До падения с купола монсеньор Карузо был честным и приятным во всех отношениях гражданином. Его компьютер разбился, но диски были целы. Я просмотрел их, но все файлы так или иначе имели отношение к религии. Чтобы сэкономить время, я попросил одного из семинаристов, специалиста по компьютерам, уроженца Южной Африки, распечатать мне все материалы. Вам следует знать, что, как человек, умеющий обращаться с компьютером, я мог бы сделать все сам, но это представлялось мне скучным занятием. Иногда даже братья такого скромного ранга, как мой, могут пойти на поводу у собственных желаний.
– Итак, на каком этапе находится наше расследование, Паоло? – спросил Галли, попивая кампари после очередного бесплодного и длинного дня. – Мое начальство интересуется…
– Скажи, что мы изучаем один глубоко религиозный момент в нашем расследовании.
– Что это значит?
– Мы молим о чуде.
Все, что у меня было в действительности, – это образ порядочного человека, которым был при жизни покойный и с которым я познакомился, когда тот уже лежал на мраморном полу в базилике Святого Петра. Карузо, по-видимому, был провокационным, даже радикальным мыслителем. В Ватикане его считали весьма успешным человеком не столько за тома его работ, сколько за то, что многие люди полагали, будто он пользуется благосклонностью нового папы.

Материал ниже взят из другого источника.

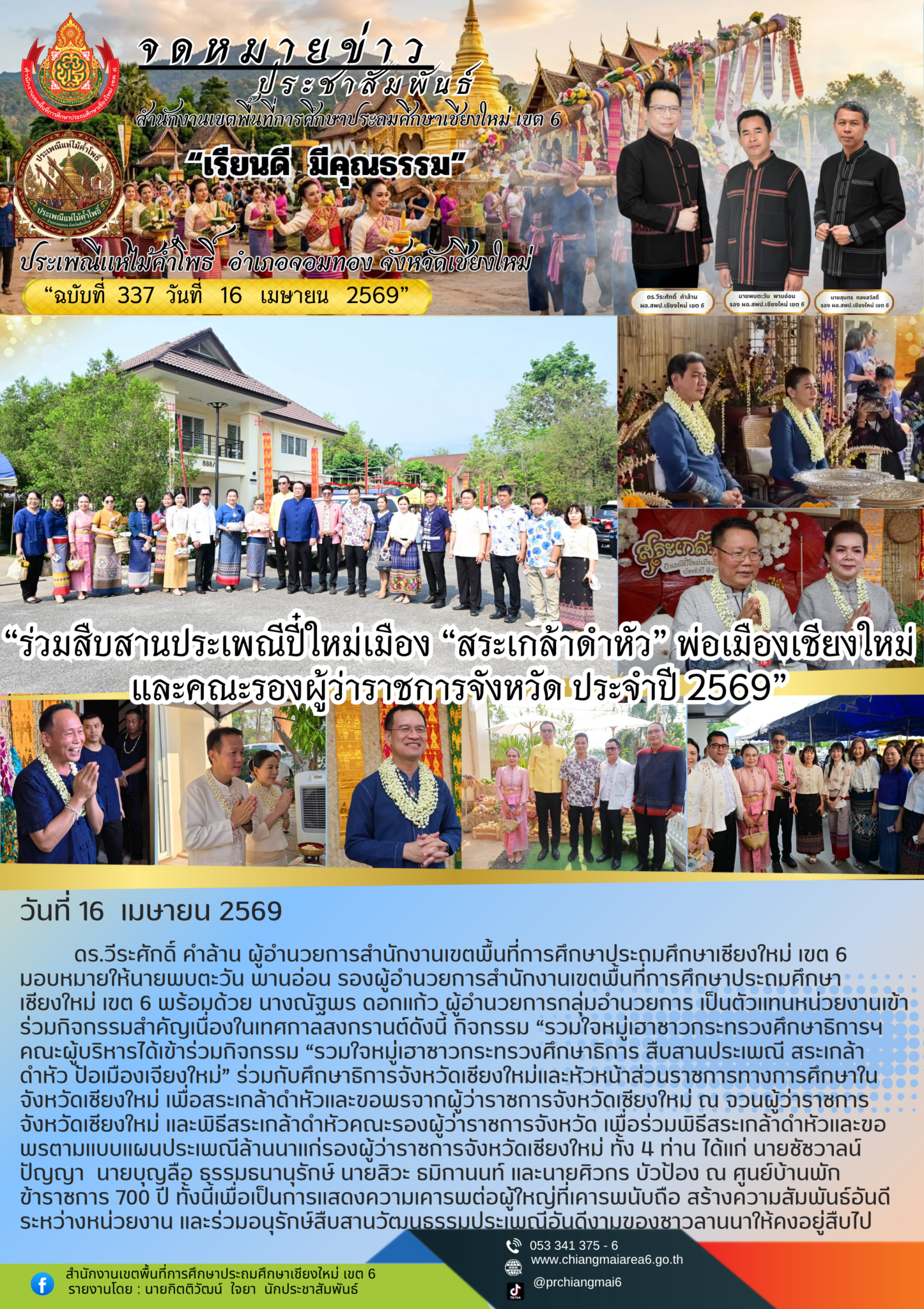 วันที่ 16 เมษายน 2569 ดร.วีระศักดิ์ คำล้าน ผู้อำนวยการสำนักงานเขตพื้นที่การศึกษาประถมศึกษาเชียงใหม่ เขต 6 มอบหมายให้นายพบตะวัน พานอ่อน รองผู้อำนวยการสำนักงานเขตพื้นที่การศึกษาประถมศึกษาเชียงใหม่ เขต 6 พร้อมด้วย นางณัฐพร ดอกแก้ว ผู้อำนวยการกลุ่มอำนวยการ เป็นตัวแทนหน่วยงานเข้าร่วมกิจกรรมสำคัญเนื่องในเทศกาลสงกรานต์ดังนี้ กิจกรรม “รวมใจหมู่เฮาชาวกระทรวงศึกษาธิการฯ คณะผู้บริหารได้เข้าร่วมกิจกรรม “รวมใจหมู่เฮาชาวกระทรวงศึกษาธิการ สืบสานประเพณี สระเกล้าดำหัว ป้อเมืองเจียงใหม่” ร่วมกับศึกษาธิการจังหวัดเชียงใหม่และหัวหน้าส่วนราชการทางการศึกษาในจังหวัดเชียงใหม่ เพื่อสระเกล้าดำหัวและขอพรจากผู้ว่าราชการจังหวัดเชียงใหม่ ณ จวนผู้ว่าราชการจังหวัดเชียงใหม่ และพิธีสระเกล้าดำหัวคณะรองผู้ว่าราชการจังหวัด เพื่อร่วมพิธีสระเกล้าดำหัวและขอพรตามแบบแผนประเพณีล้านนาแก่รองผู้ว่าราชการจังหวัดเชียงใหม่ ทั้ง 4 ท่าน ได้แก่ นายชัชวาลน์ ปัญญา นายบุญลือ ธรรมธนานุรักษ์ นายสิวะ ธมิกานนท์ และนายศิวกร บัวป้อง ณ ศูนย์บ้านพักข้าราชการ 700 ปี ทั้งนี้เพื่อเป็นการแสดงความเคารพต่อผู้ใหญ่ที่เคารพนับถือ สร้างความสัมพันธ์อันดีระหว่างหน่วยงาน และร่วมอนุรักษ์สืบสานวัฒนธรรมประเพณีอันดีงามของชาวลานนาให้คงอยู่สืบไป
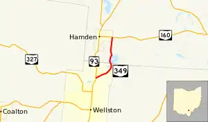 State Route 349 (SR 349) is a north–south state highway in south-central Ohio. SR 349 has its southern terminus is at SR 93 in Wellston. Its northern terminus is at SR 160 in Hamden. Besides providing a shortcut between SR 93 and SR 160 around Hamden, SR 349 allows access to Lake Alma State Park in Vinton County.

Он был создан курией, ладно, зато в принципиальных семейных и социальных проблемах он был гораздо ближе к огромной массе католиков, чем к консерваторам курии, многие из которых – остатки команды витавшего в облаках Поляка.
Скучный список разногласий внутри церкви в новом веке ничем не отличался от такого же списка последних десятилетий века ушедшего – разногласия только обострились. Десятки миллионов католиков при молчаливой поддержке тысяч священников бунтовали против запрета искусственных мер контроля над рождаемостью, против отказа разведенным и заново вступившим в брак католикам в таинстве причастия, против настойчивого требования безбрачия священников, против отказа признавать священников-женщин и против отказа в таинстве причастия христианам прочих конфессий. Треди – и это было разумно – не стал сразу браться за решение какой-либо из этих проблем в самом начале своего правления.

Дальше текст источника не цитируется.